EXERCISE REQUIREMENTS:
Include the line containing "另外,开启under attack模式。可有效阻止中小型攻击。" and all lines before it, repeated exactly from the listing below, without pictures.

(INFORMATION PROVIDED begins)

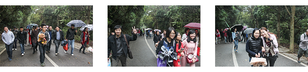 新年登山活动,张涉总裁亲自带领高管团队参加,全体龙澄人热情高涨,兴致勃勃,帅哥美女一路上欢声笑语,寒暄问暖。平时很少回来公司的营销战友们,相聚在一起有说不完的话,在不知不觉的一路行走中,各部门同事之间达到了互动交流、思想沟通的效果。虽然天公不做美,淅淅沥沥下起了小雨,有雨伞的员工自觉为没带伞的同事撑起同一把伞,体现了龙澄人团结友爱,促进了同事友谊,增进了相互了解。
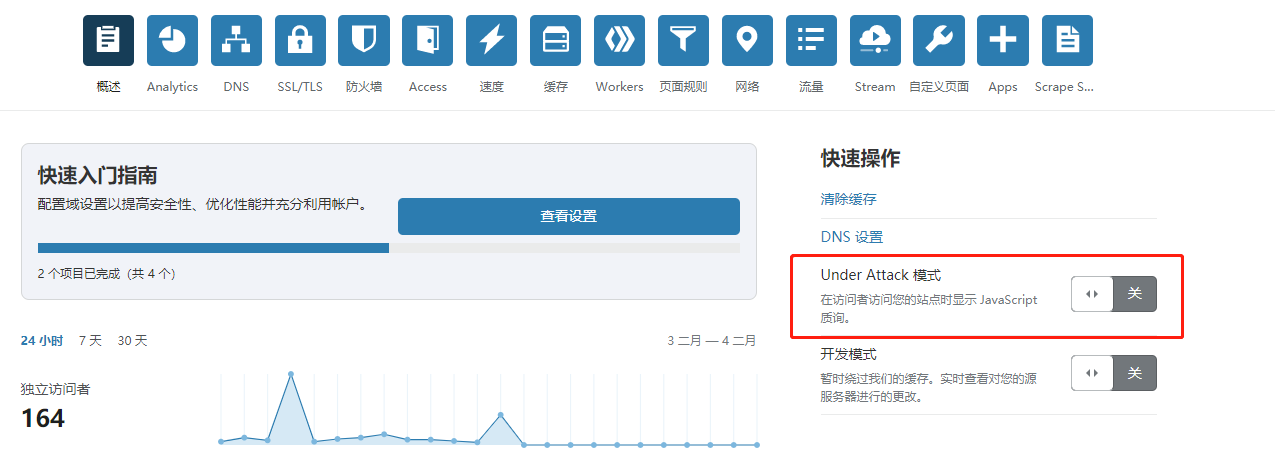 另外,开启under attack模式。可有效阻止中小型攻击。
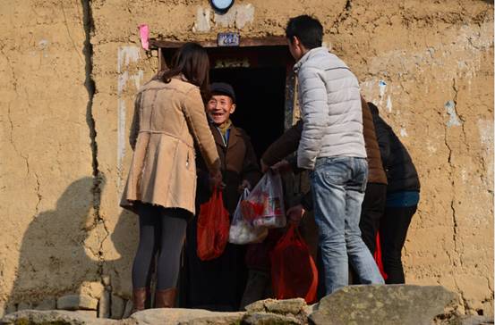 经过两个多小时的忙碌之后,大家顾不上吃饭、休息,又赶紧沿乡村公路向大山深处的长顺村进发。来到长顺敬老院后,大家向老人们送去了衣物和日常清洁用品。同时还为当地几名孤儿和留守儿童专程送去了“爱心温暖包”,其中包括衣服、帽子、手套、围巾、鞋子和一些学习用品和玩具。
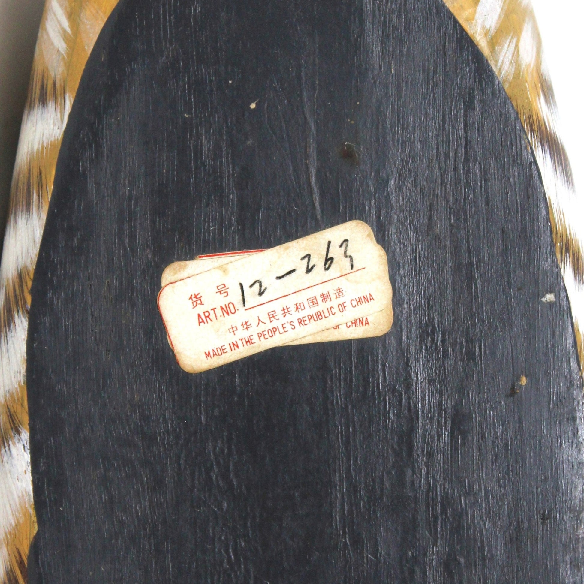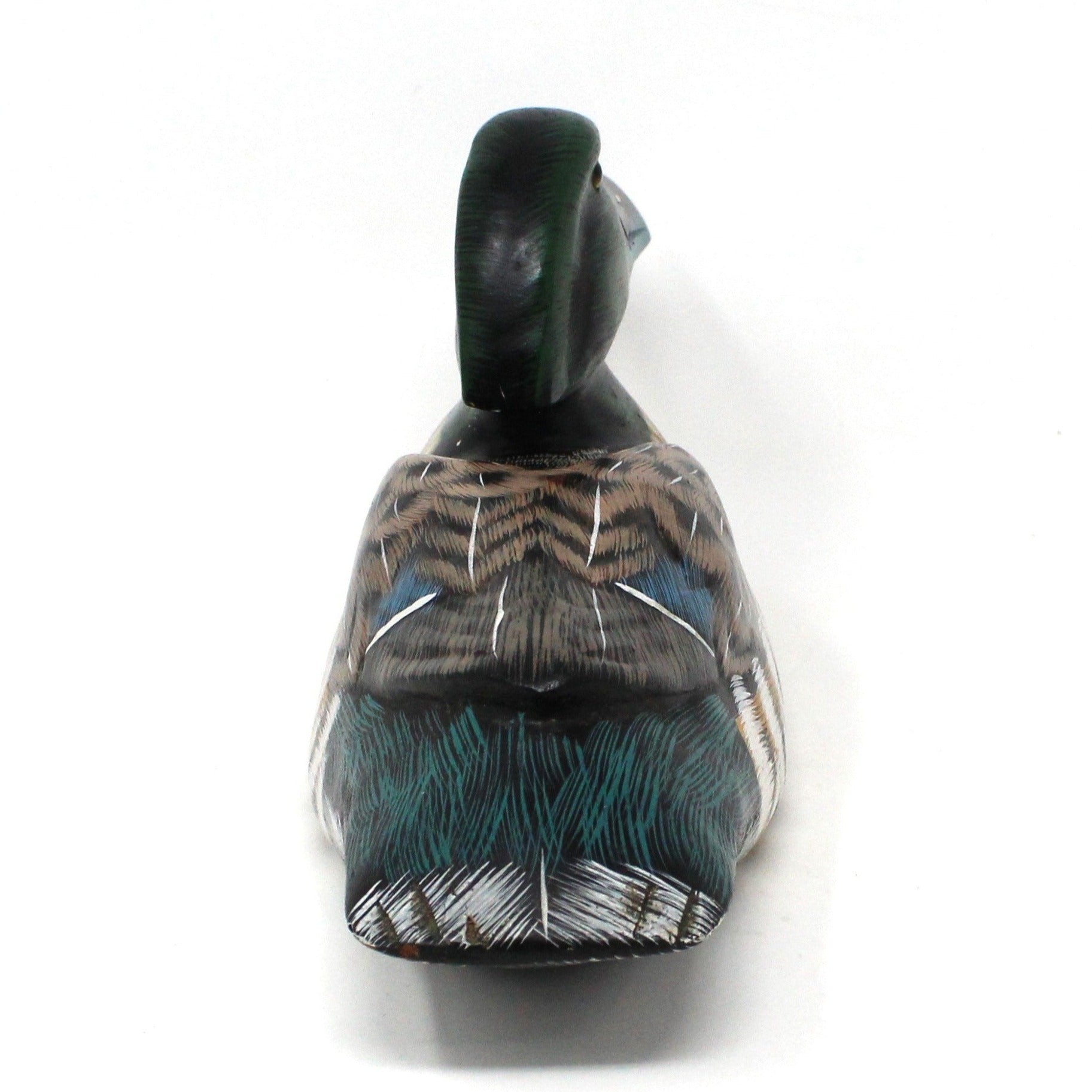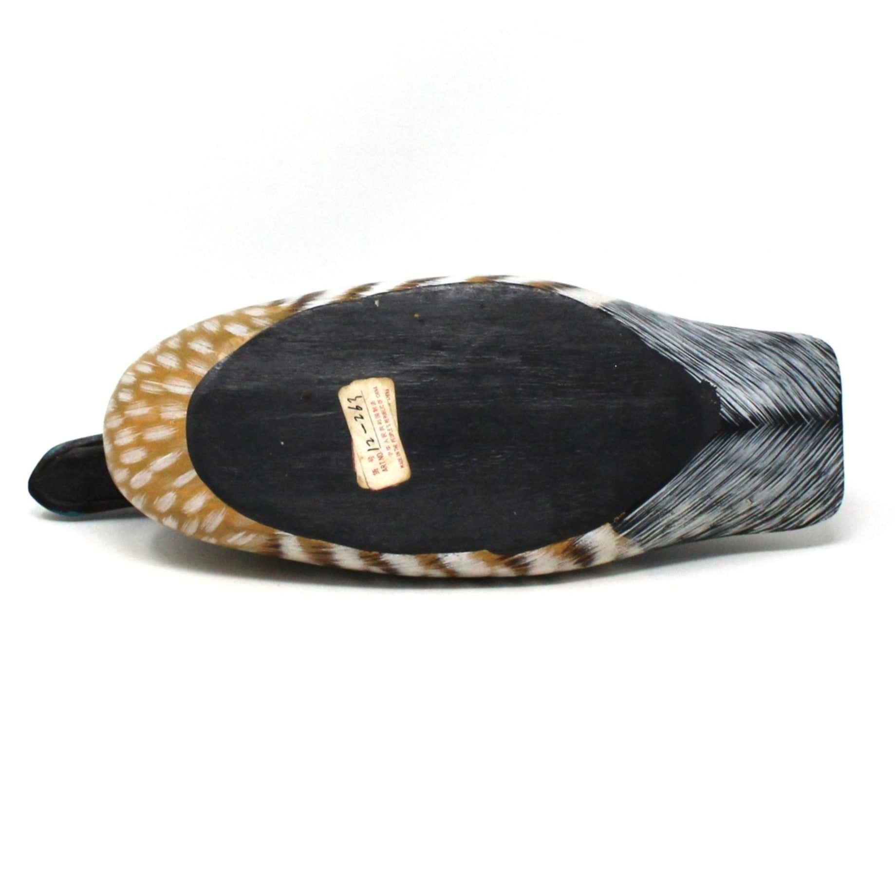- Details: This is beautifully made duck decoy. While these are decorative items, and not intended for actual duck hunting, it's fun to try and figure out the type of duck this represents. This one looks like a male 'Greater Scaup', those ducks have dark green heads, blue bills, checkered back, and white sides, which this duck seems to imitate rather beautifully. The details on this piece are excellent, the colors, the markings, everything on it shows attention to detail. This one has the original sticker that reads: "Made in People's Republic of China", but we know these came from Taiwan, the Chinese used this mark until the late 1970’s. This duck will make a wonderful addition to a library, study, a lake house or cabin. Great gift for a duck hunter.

(INFORMATION PROVIDED ends)

WRITTEN RESPONSE:
 新年登山活动,张涉总裁亲自带领高管团队参加,全体龙澄人热情高涨,兴致勃勃,帅哥美女一路上欢声笑语,寒暄问暖。平时很少回来公司的营销战友们,相聚在一起有说不完的话,在不知不觉的一路行走中,各部门同事之间达到了互动交流、思想沟通的效果。虽然天公不做美,淅淅沥沥下起了小雨,有雨伞的员工自觉为没带伞的同事撑起同一把伞,体现了龙澄人团结友爱,促进了同事友谊,增进了相互了解。
 另外,开启under attack模式。可有效阻止中小型攻击。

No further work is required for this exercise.